Monday, December 27, 2010

No Money For Florida

Recommend reading an interesting article entitled “ Medicaid Bonuses to Reward States for Insuring More Children,” http://www.nytimes.com/2010/12/27/health/policy/27medicaid.html?partner=rss&emc=rss reporting that the Obama administration plans to announce Monday that it will make $206 million in bonus Medicaid payments to 15 states — with more than a fourth of the total going to Alabama — for signing up children who are eligible for public health insurance but had previously failed to enroll.
This program was created to address the following issues:

* To enroll an estimated 4.7 million children who would be eligible for subsidized coverage if their families could be found and alerted. Two of every three uninsured children are thought to meet the income criteria for government insurance programs.
* The stubbornness of the problem is one reason the government expects millions of people to remain uninsured even after 2014, when the new health care law requires most Americans to have coverage and vastly expands government programs to make it affordable.

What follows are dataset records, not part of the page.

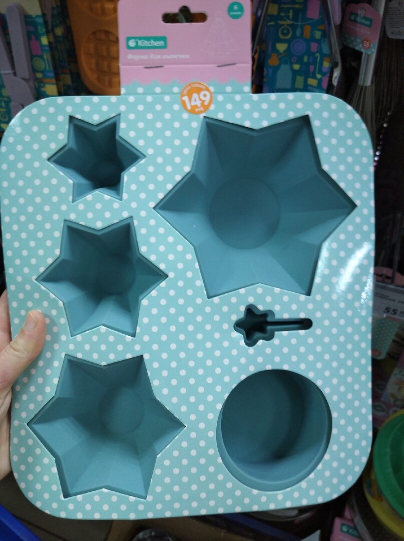 В силиконовую формочку входят шесть ячеек разных конфигураций и размеров. Как показано на обратной стороне упаковки, из полученных кексов можно сделать елочку, которая станет праздничным украшением к вашему столу.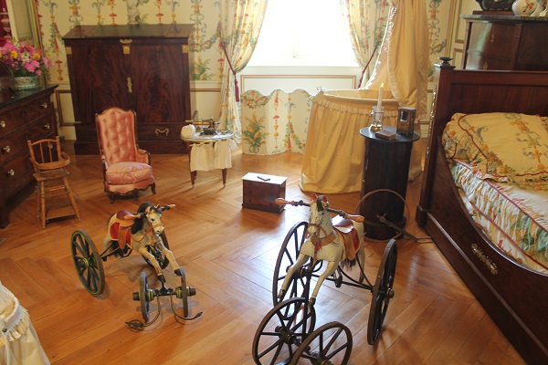 El visitante puede echar un vistazo a los apartamentos privados, decorados por los vizcondes de Sigalas, padres del actual dueño. Las cámaras cambian de color según su uso. En La Amarilla, se presentan en sociedad los nacimientos (cama con cortinas; doble alfombra en el suelo; vestidor, chifonier, escritorio y cuna de balancín); la Cámara Azul pertenece a la señorita soltera; la Roja parece pecaminosa; la Verde es un pequeño comedor privado, vecino a una cocina, en el que se ha dispuesto vajilla de porcelana sobre el mantel blanco que cubre la mesa redonda, presidido por una cabeza de ciervo de cristal. Hay una sala de caballeros, con mapamundi, frascos de alcohol, vacíos, y ceniceros, para que los varones se retiren a hablar de sus asuntos mientras las damas hacen lo propio. La de los infantes es alegre, luminosa, y alberga, en una esquina, una cuna con cortinaje, y en el suelo aparecen esparcidos juguetes de niño bien: caballitos con ruedas. Hay cuadros, marcos dorados, objetos de decoración, cómodas, cortinas, todo lo que se le puede exigir a una casa elegante como Cheverney. Imagino a Milú levantando la pata y orinándose sobre una alfombra. O al capitán Haddock, tras una de sus formidables borracheras, lanzar una vomitona sobre el cortinaje de cretona.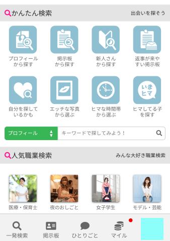 また、実際に検索する内容も、色々な検索項目があり、例えば、「エッチ度」や「職業」などで探すことが出来ます。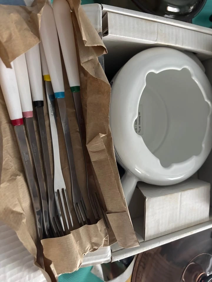 Brand new in box, never used vintage Le Creuset enameled cast iron Fondue set with 6 forks. Pick up in Keswick. Willing to deliver anywhere in Georgina, Newmarket and Aurora.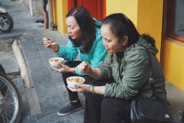 Giữa phố thị phồn hoa, nhiều người đã dừng chân lại trên vỉa hè để thưởng thức một món ăn dân dã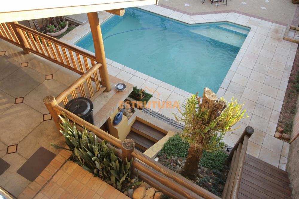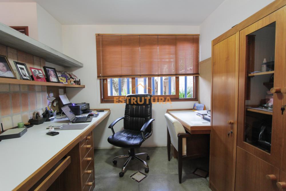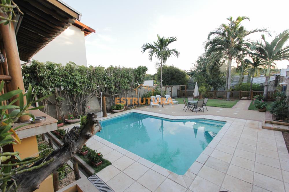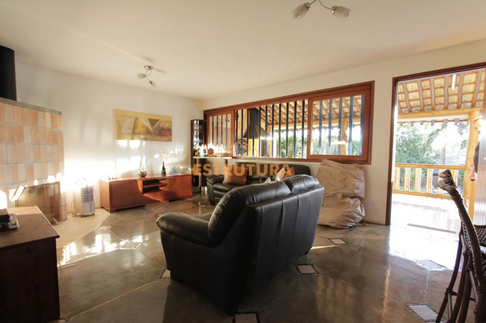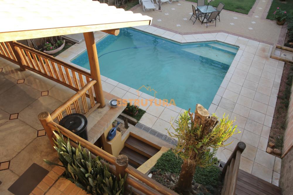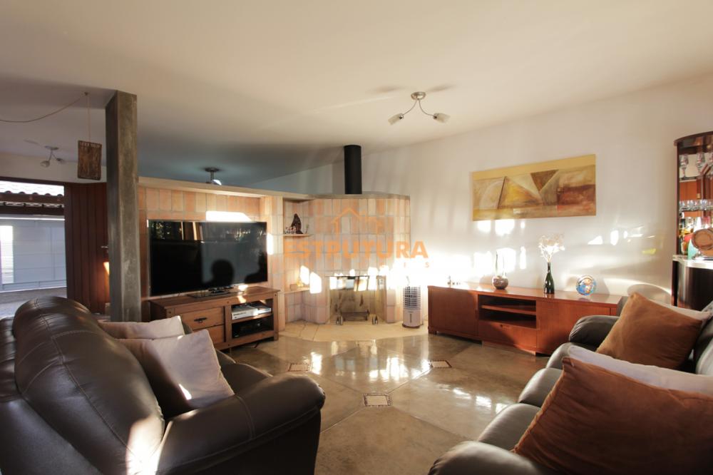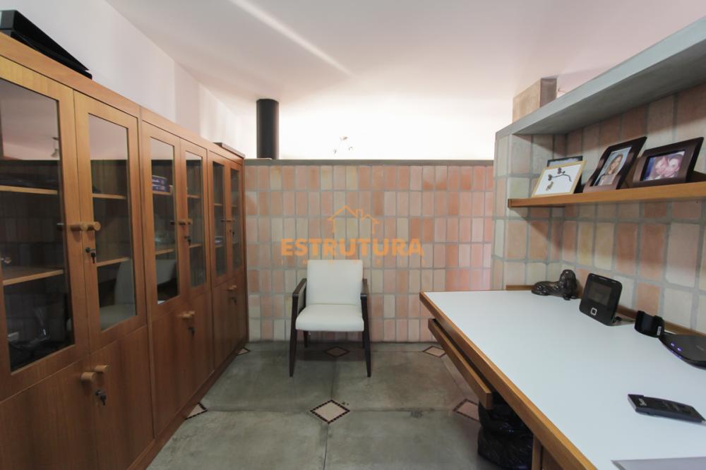 Piso térreo: Sala com lareira - Escritório - Cozinha integrada - Lavabo - Área de serviço - Banheiro lateral - Área gourmet - Garagem para 4 carros sendo 2 cobertas e 2 descobertas.

Alabama will receive a $55 million bonus, more than twice as much as any other state, for having 133,000 more children on its Medicaid rolls than projected by a formulated base line. The 15 states that will receive bonuses reported a total of 874,347 children above the baseline, which factors in population growth and, to some degree, demand driven by the economy.

Alabama, for example, has adopted “express lane eligibility” so that Medicaid application processors can use income findings from other safety net programs to validate eligibility.

Because of the formula’s requirements, none of the money will go to California, Texas or Florida, which account for nearly 40 percent of all uninsured children. States like Florida make enrollment cumbersome and devote minimal resources to marketing. Many of my patients have never heard about the program and I try assisting them to navigate poorly designed web sites and to complete forms they do not understand (neither do I.)

Shouldn't it be the goal of our new governor-elect to increase the enrollment for children qualifying for this program? Unfortunately, those children may have to wait for a long time because ideological purity comes first!

Who will pay the price? All of us, because those children will grow into sick adults requiring more expensive care to “correct” mistakes that could have been prevented in childhood.